Après ça, en avant l’aventure ! Rouler de nuit quelle expérience ! En faisant attention bien sûr…

Marion

Et courir de nuit ça vous dit?

Quand l’hiver arrive et que les journées se raccourcissent difficile de faire autrement…si on veut courir il faut il y aller de nuit, surtout si on travaille la journée, et c’est bien entendu mon cas.

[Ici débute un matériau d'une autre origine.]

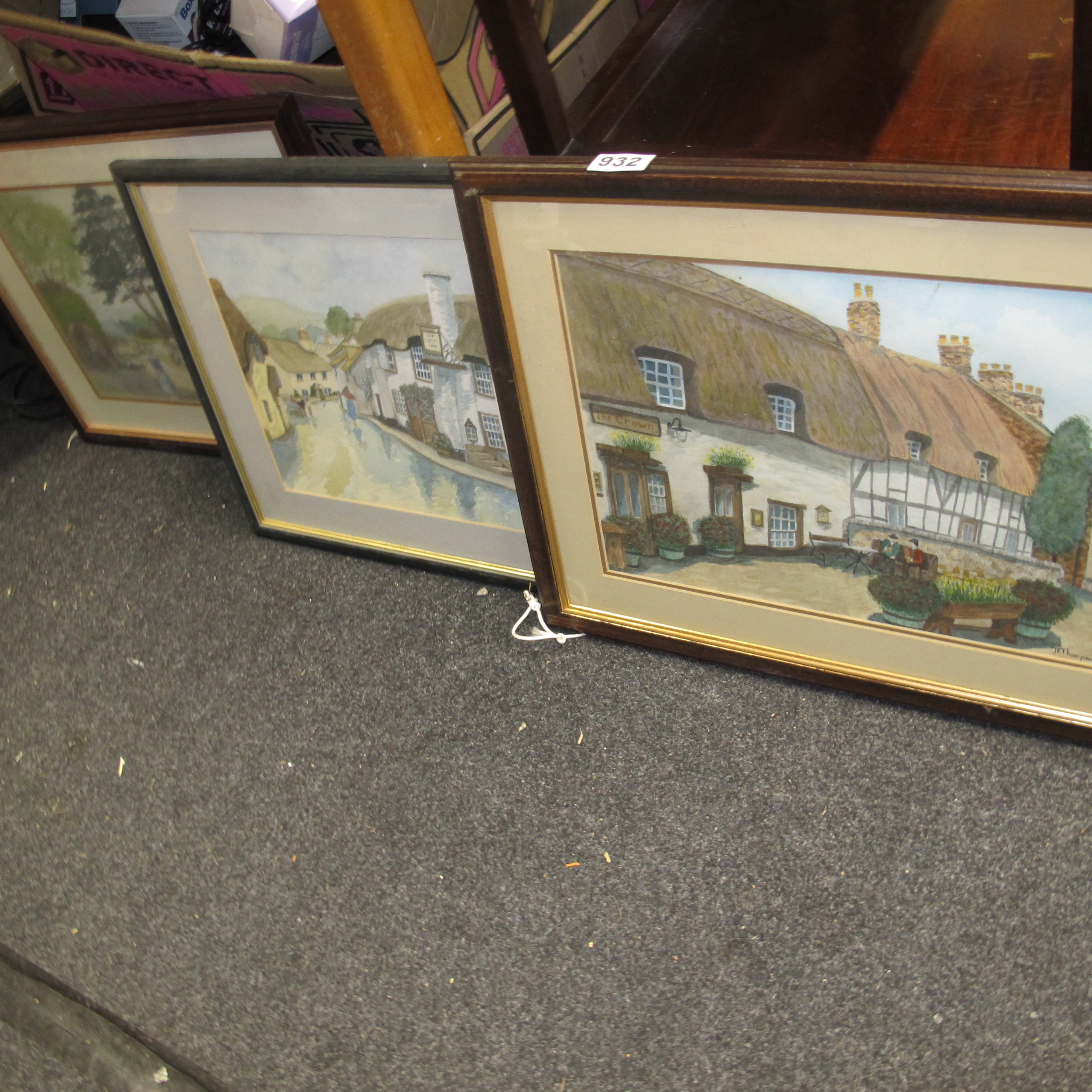 A Collection of Framed Watercolours and Prints Depicting English Village Scenes

Depuis ma préparation du Marathon de Bordeaux Métropole (en nocturne), je ne cesse de dire que j’adore courir…de nuit! En nocturne, tout est perçu différemment, l’allure de course, la vision, les températures… Tu as parfois l’impression de courir vite mais vite et de pouvoir courir ainsi sur une durée indéterminée. Tu te sens seule, libre, indépendante et plus rien ne peut t’atteindre. Cette sensation de liberté n’a pas prix et elle est tellement agréable et source de bien-être.

sophie running frontale

Pour courir de nuit il faut quand même penser au matos qui va avec et qui n’est pas à négliger si on veut se faire voir des automobilistes, surtout si comme moi vous courez le long des quais avec peu d’éclairage. Pour moi, ce qui est essentiel pour courir de nuit, c’est :

  • des vêtements chaud si le temps le permet (surtout bien couvrir les extrémités)
  • une bonne casquette plutôt flashy
  • un gilet jaune si possible
  • une bonne frontale

Avec cet équipement-là difficile de passer inaperçu. Côté sécurité, la nuit j’évite de prendre mes écouteurs pour pouvoir être plus à l’écoute de l’environnement et des éventuels bruits de la nuit. D’une part car c’est agréable d’entendre ces sons nocturne (entre les animaux, le vent, le bruit de l’eau…) et d’autre part pour éviter de se prendre un vélo ou des coureurs en faisant demi-tour… Ça pourrait être ennuyeux.

La nuit c’est ça, des perceptions différentes, une écoute de son environnement plus poussée, une vision plus intimiste et surtout un vrai moment de bonheur!

Et vous vous en dites quoi de courir de nuit? Partant(e) ou pas?